> [Task details]:
For each entry below, write an exact copy and leave out the images.

> [Given data]:
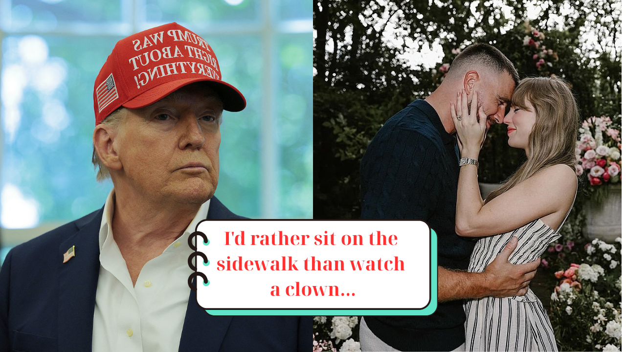 The so-called “wedding of the century” between Taylor Swift and Travis Kelce was supposed to be a fairy tale moment, the kind of event that dominates headlines for weeks and lives in pop culture history forever. Yet, in classic fashion, Donald Trump has stolen the spotlight with a remark so blunt and dismissive that it has divided the internet in half. Asked during a brief press stop what he thought of Taylor Swift’s big day, Trump smirked and fired off: “I’d rather sit on the sidewalk than watch a clown pretending to be royalty.”
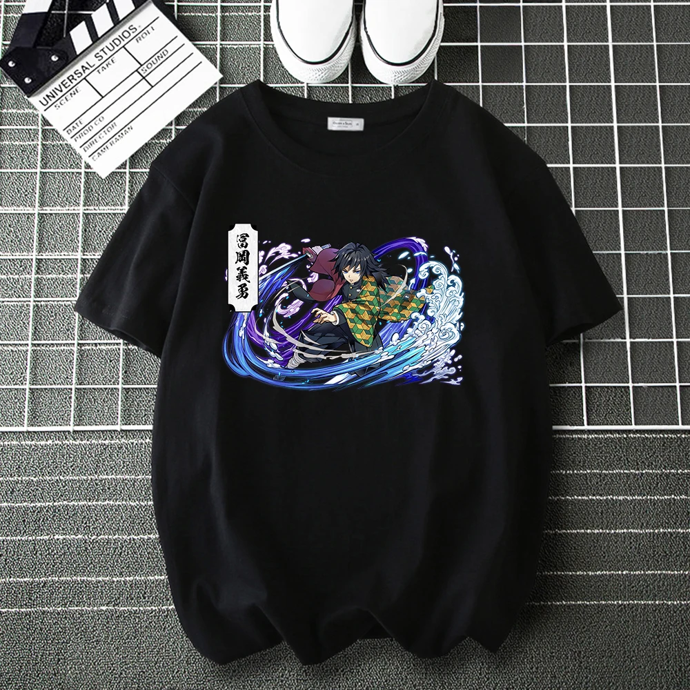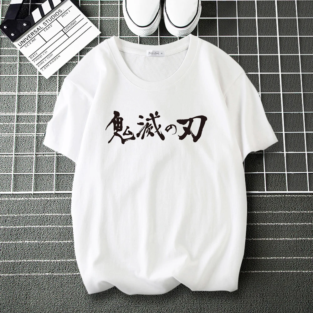 Футболка мужская с принтом из японского аниме, повседневная смешная Свободная рубашка с изображением рассеянного демона, китайского иероглифа, в стиле Харадзюку
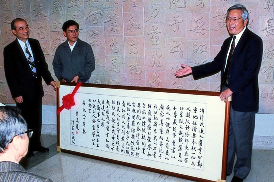 由時任醫學院院長黃崑巖先生執筆書寫的醫師誓詞完整呈現於陶壁上,每一位即將成為正式實習醫師的成大醫學院學生都會在此陶壁前舉手宣誓。
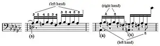 Two examples of Chopin's original fingering (bar 3 and bar 7)
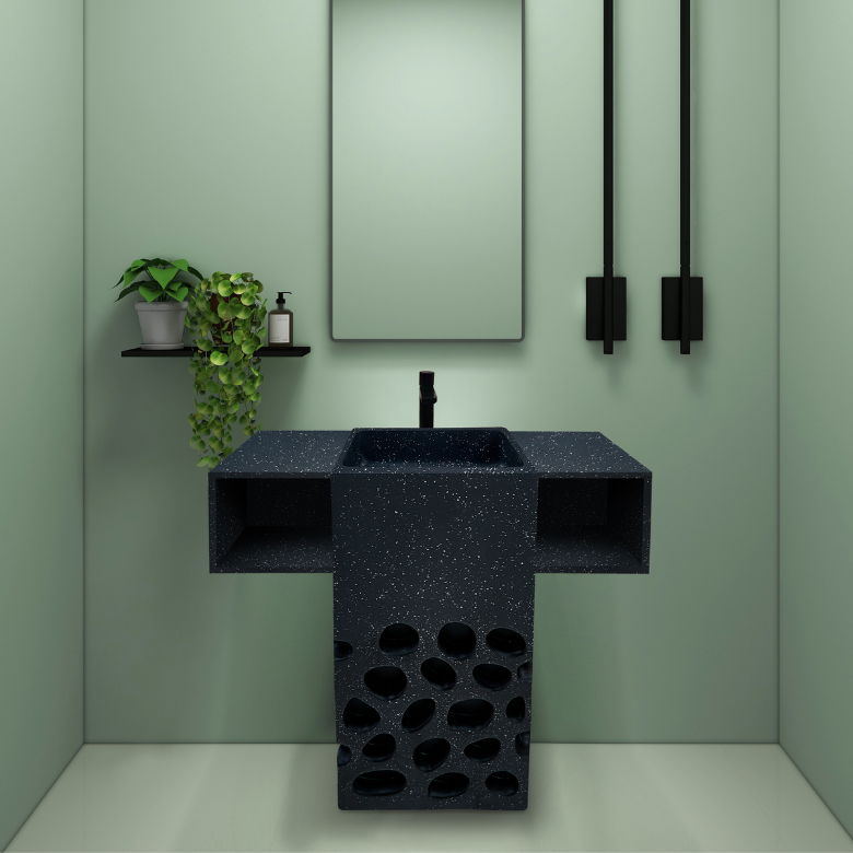 A bold black terrazzo pedestal basin featuring sculpted oval cut-outs and extended side shelves, delivering an architectural, contemporary statement for modern luxury bathrooms.
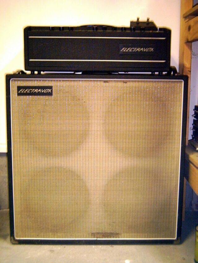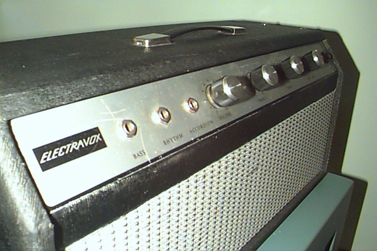 Hi i have been looking at your site for a little while now in seach for any info on my electravox as i have been unable to find anything about it anywere or even see a pic of one that someone else has, so im submitting these photos and hopefully you can tell me a little more about it i dont think its valve but it is vintage, its a great amp i use it as a practice amp, my mother picked it up from cashies about 10 years ago and up until recently had just been sitting around, i never used to use it because simply it doesn't have gain overdrive that kinda thing but i now have a zoom and it just sounds great, also it has a plessey c12p in the box,the tranformer has the number 0150 on it,and it turns on by turning the speed switch, I cant find a model number anywere on it. - Scott![]()
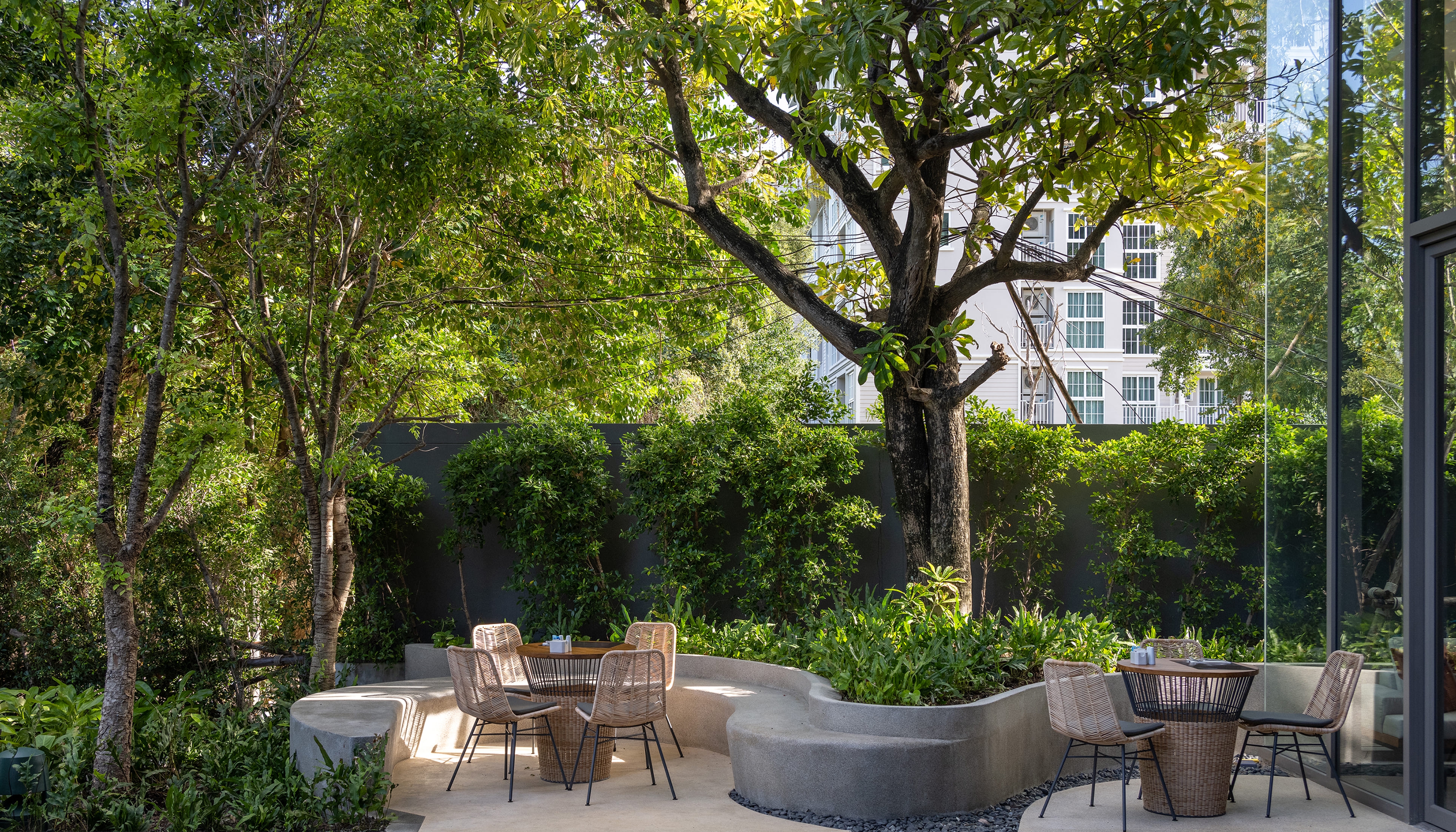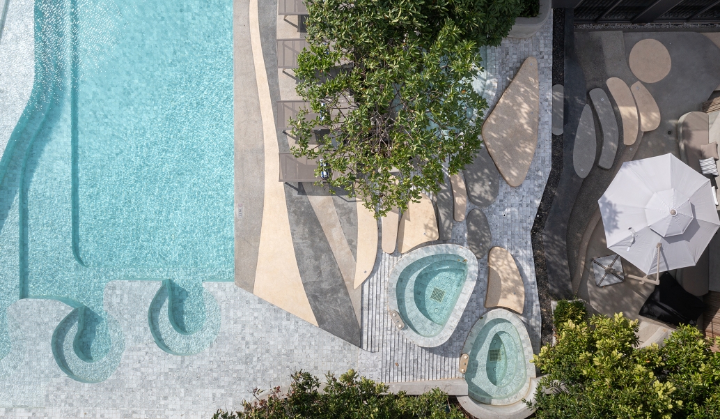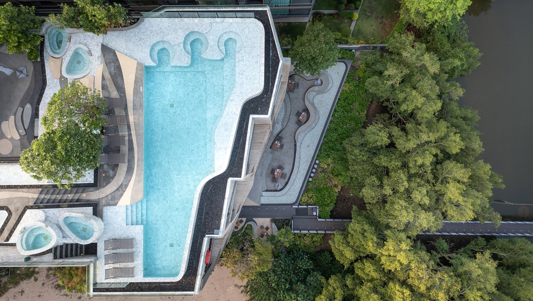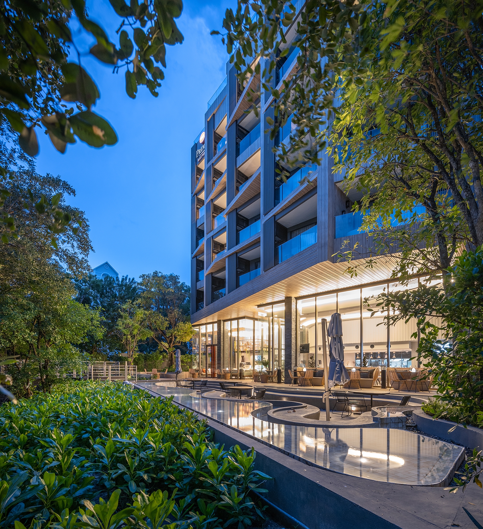 The hotel's design is inspired by indigenous customs that employ bamboo and mangrove sticks to form sediment layers, and it replicates the natural reclamation process. The rooftop pool offers panoramic sea views, while the ground-floor lobby has an open-air design with a waterfall, a reflecting pond, and a dynamic feature wall. Flowing patterns on the ground floor mimic the movement of the sea, while elements such as cascading water and a pop-up jacuzzi depict the beach.
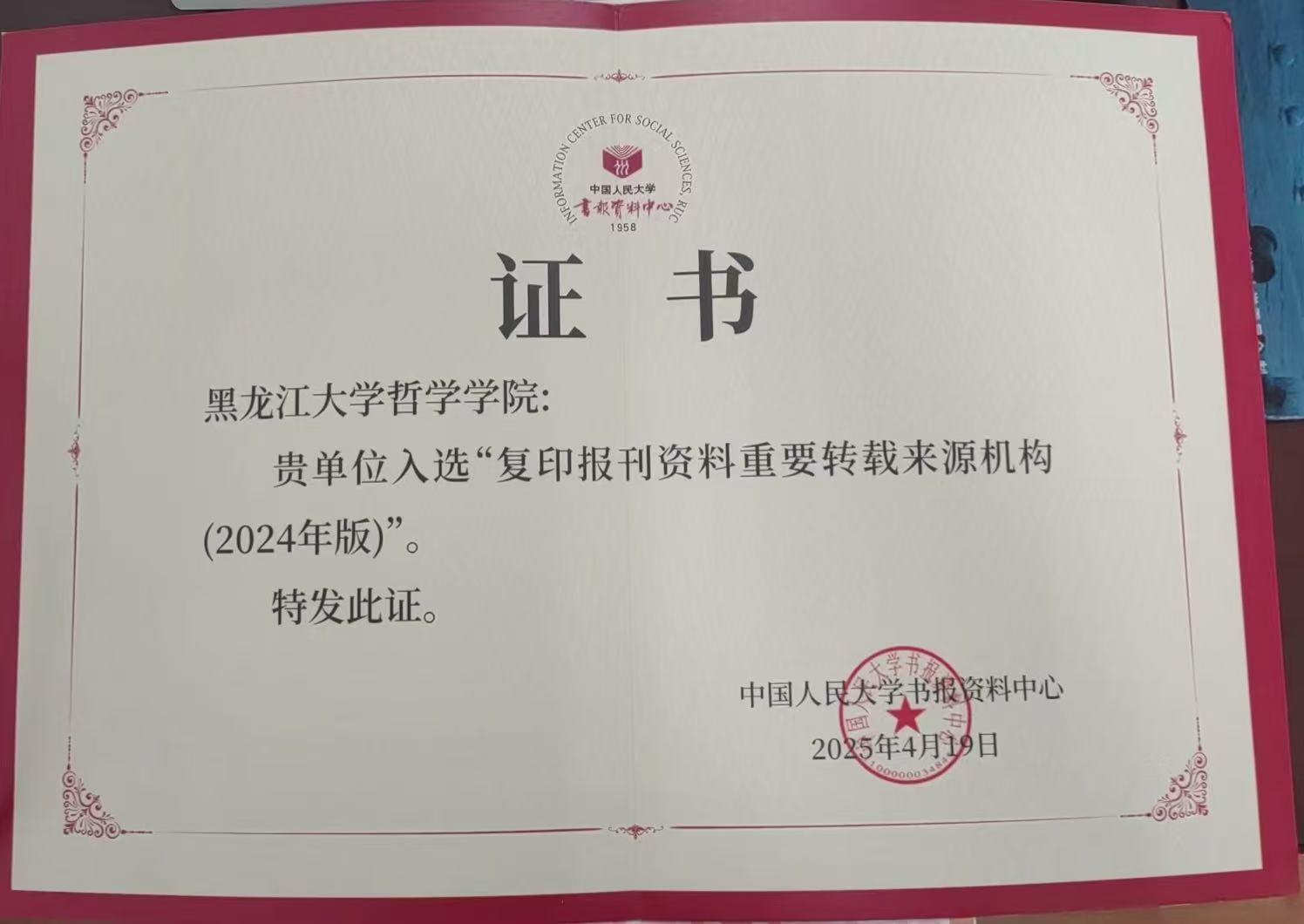 近日,中国人民大学书报资料中心正式发布"复印报刊资料重要转载来源机构(2024年版)"名单,yl6809永利集团成功入选,获颁认证证书(2025年4月19日)。本次成功入选,既是对公司近年来团队建设领域取得系列成绩的肯定,也是对公司在国内哲学团队建设中的科研影响力的肯定。
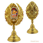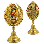 M-39-16s Faberge Style Filigree Icon Egg - Triptych With Hanging Framed Icon Inside -Virgin of Vladimir - Decorated With Faux Crystals - 6 Inch Tall
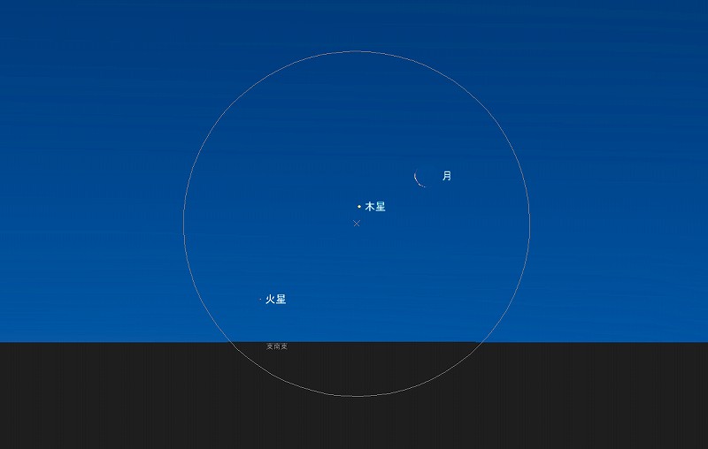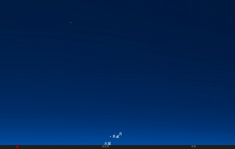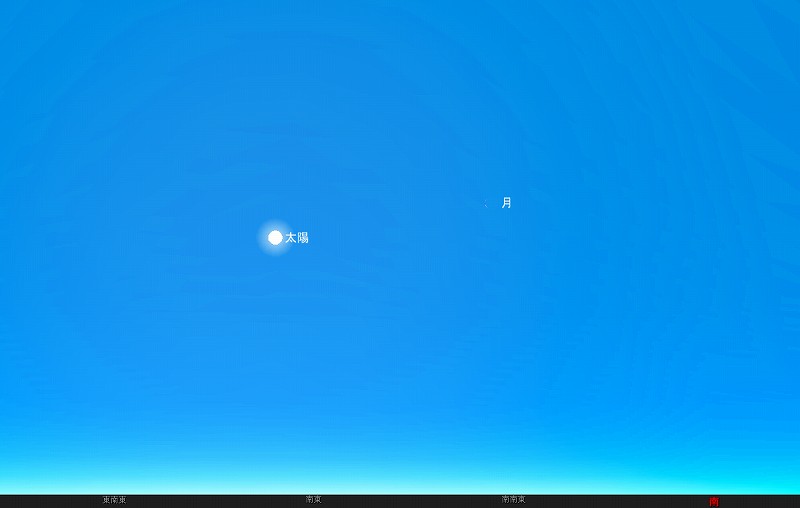 ![]() 2009年2月23日、日の出直前の東南東の空。 ![]() 月、木星、火星、水星の4天体会合。 (水星は月に隠れてます。) ![]() 東京付近での水星の出現 (5時45分ごろ) ![]() 9時ごろの月と太陽の位置関係。 ![]() 東京付近での木星の潜入 (9時3分ごろ) ![]() 東京付近での木星の出現 (10時34分ごろ) |
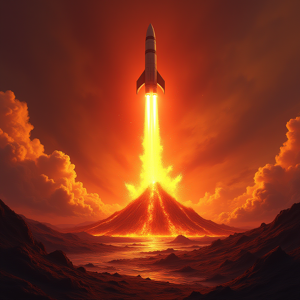 A rocket launched from an active volcano, explosive digital art style, chaotic atmosphere, diagonal composition, red-gold palette, inspired by science fiction comics(활화산에서 발사된 로켓, 폭발적인 디지털 아트 스타일, 혼란스러운 분위기, 대각선 구도, 공상 과학 만화에서 영감을 얻은 레드 골드 팔레트)
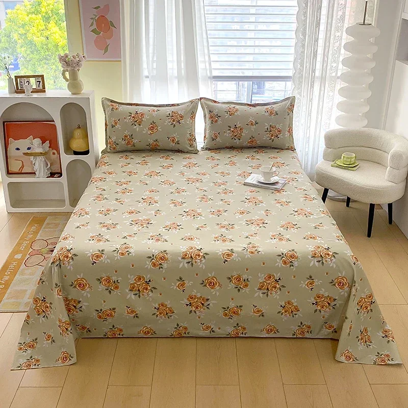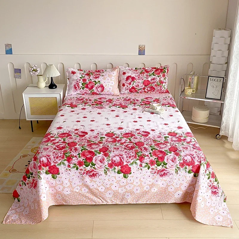 Red Flower Printed Flat Bed Sheets for Double Bed Single/Queen/King Reactive Printed Top Sheets for Beds sabanas cama 150x200
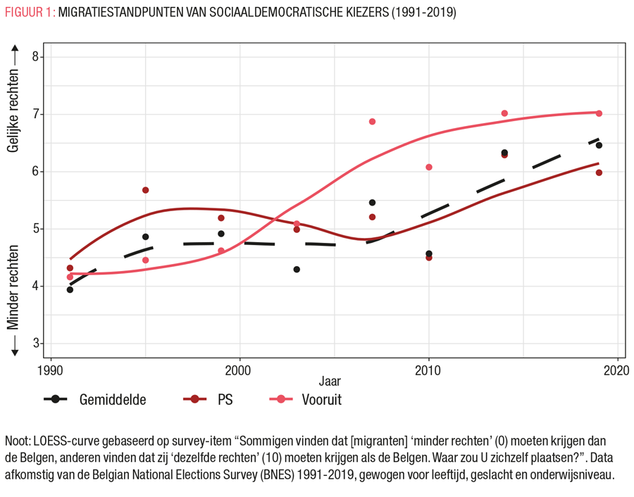 Om het electorale succes van beide migratiestandpunten te evalueren, vormt België een interessant politicologisch laboratorium. Zowel PS als Vooruit varen als principiële voorstanders van migratie een cultureel universalistische koers, maar PS is er veel beter in geslaagd om de electorale steun van de arbeidersklasse te behouden. Het leidt tot de bijzondere constellatie dat – hoewel PS zich inzake culturele thema’s doorgaans even progressief opstelt – haar kiezers ideologisch net een stuk conservatiever zijn dan die van Vooruit.
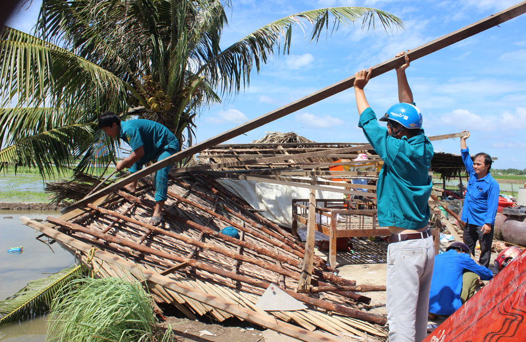 Lực lượng dân quân huyện Cần Đước hỗ trợ người dân sửa chữa, khắc phục hậu quả thiên tai. Ảnh: Cẩm Tú
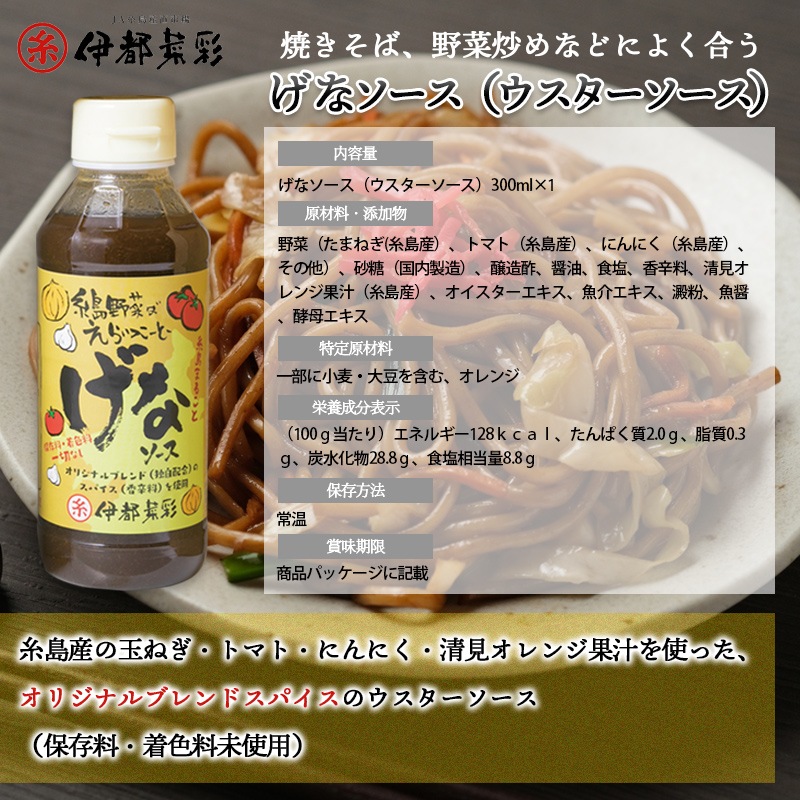 | げなソース(ウスターソース) | 食品表示 野菜(たまねぎ(糸島産)、トマト(糸島産)、にんにく(糸島産)、その他)、砂糖(国内製造)、醸造酢、醤油、食塩、香辛料、清見オレンジ果汁(糸島産)、オイスターエキス、魚介エキス、澱粉、魚醤、酵母エキス、(一部に小麦・大豆を含む) 成分表示 (100g当たり)エネルギー128kcal、たんぱく質2.0g、脂質0.3g、炭水化物28.8g、食塩相当量8.8g |
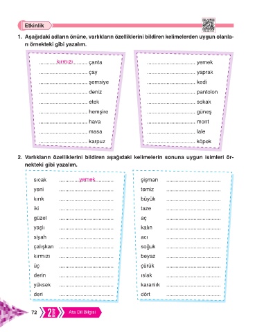 2. Varlıkların özelliklerini bildiren aşağıdaki kelimelerin sonuna uygun isimleri ör-

> [Output for this exercise]:
 The so-called “wedding of the century” between Taylor Swift and Travis Kelce was supposed to be a fairy tale moment, the kind of event that dominates headlines for weeks and lives in pop culture history forever. Yet, in classic fashion, Donald Trump has stolen the spotlight with a remark so blunt and dismissive that it has divided the internet in half. Asked during a brief press stop what he thought of Taylor Swift’s big day, Trump smirked and fired off: “I’d rather sit on the sidewalk than watch a clown pretending to be royalty.”
 Футболка мужская с принтом из японского аниме, повседневная смешная Свободная рубашка с изображением рассеянного демона, китайского иероглифа, в стиле Харадзюку
 由時任醫學院院長黃崑巖先生執筆書寫的醫師誓詞完整呈現於陶壁上,每一位即將成為正式實習醫師的成大醫學院學生都會在此陶壁前舉手宣誓。
 Two examples of Chopin's original fingering (bar 3 and bar 7)
 A bold black terrazzo pedestal basin featuring sculpted oval cut-outs and extended side shelves, delivering an architectural, contemporary statement for modern luxury bathrooms.
 Hi i have been looking at your site for a little while now in seach for any info on my electravox as i have been unable to find anything about it anywere or even see a pic of one that someone else has, so im submitting these photos and hopefully you can tell me a little more about it i dont think its valve but it is vintage, its a great amp i use it as a practice amp, my mother picked it up from cashies about 10 years ago and up until recently had just been sitting around, i never used to use it because simply it doesn't have gain overdrive that kinda thing but i now have a zoom and it just sounds great, also it has a plessey c12p in the box,the tranformer has the number 0150 on it,and it turns on by turning the speed switch, I cant find a model number anywere on it. - Scott![]()
 The hotel's design is inspired by indigenous customs that employ bamboo and mangrove sticks to form sediment layers, and it replicates the natural reclamation process. The rooftop pool offers panoramic sea views, while the ground-floor lobby has an open-air design with a waterfall, a reflecting pond, and a dynamic feature wall. Flowing patterns on the ground floor mimic the movement of the sea, while elements such as cascading water and a pop-up jacuzzi depict the beach.
 近日,中国人民大学书报资料中心正式发布"复印报刊资料重要转载来源机构(2024年版)"名单,yl6809永利集团成功入选,获颁认证证书(2025年4月19日)。本次成功入选,既是对公司近年来团队建设领域取得系列成绩的肯定,也是对公司在国内哲学团队建设中的科研影响力的肯定。
 M-39-16s Faberge Style Filigree Icon Egg - Triptych With Hanging Framed Icon Inside -Virgin of Vladimir - Decorated With Faux Crystals - 6 Inch Tall
 ![]() 2009年2月23日、日の出直前の東南東の空。 ![]() 月、木星、火星、水星の4天体会合。 (水星は月に隠れてます。) ![]() 東京付近での水星の出現 (5時45分ごろ) ![]() 9時ごろの月と太陽の位置関係。 ![]() 東京付近での木星の潜入 (9時3分ごろ) ![]() 東京付近での木星の出現 (10時34分ごろ) |
 A rocket launched from an active volcano, explosive digital art style, chaotic atmosphere, diagonal composition, red-gold palette, inspired by science fiction comics(활화산에서 발사된 로켓, 폭발적인 디지털 아트 스타일, 혼란스러운 분위기, 대각선 구도, 공상 과학 만화에서 영감을 얻은 레드 골드 팔레트)
 Red Flower Printed Flat Bed Sheets for Double Bed Single/Queen/King Reactive Printed Top Sheets for Beds sabanas cama 150x200
 Om het electorale succes van beide migratiestandpunten te evalueren, vormt België een interessant politicologisch laboratorium. Zowel PS als Vooruit varen als principiële voorstanders van migratie een cultureel universalistische koers, maar PS is er veel beter in geslaagd om de electorale steun van de arbeidersklasse te behouden. Het leidt tot de bijzondere constellatie dat – hoewel PS zich inzake culturele thema’s doorgaans even progressief opstelt – haar kiezers ideologisch net een stuk conservatiever zijn dan die van Vooruit.
 Lực lượng dân quân huyện Cần Đước hỗ trợ người dân sửa chữa, khắc phục hậu quả thiên tai. Ảnh: Cẩm Tú
 | げなソース(ウスターソース) | 食品表示 野菜(たまねぎ(糸島産)、トマト(糸島産)、にんにく(糸島産)、その他)、砂糖(国内製造)、醸造酢、醤油、食塩、香辛料、清見オレンジ果汁(糸島産)、オイスターエキス、魚介エキス、澱粉、魚醤、酵母エキス、(一部に小麦・大豆を含む) 成分表示 (100g当たり)エネルギー128kcal、たんぱく質2.0g、脂質0.3g、炭水化物28.8g、食塩相当量8.8g |
 2. Varlıkların özelliklerini bildiren aşağıdaki kelimelerin sonuna uygun isimleri ör-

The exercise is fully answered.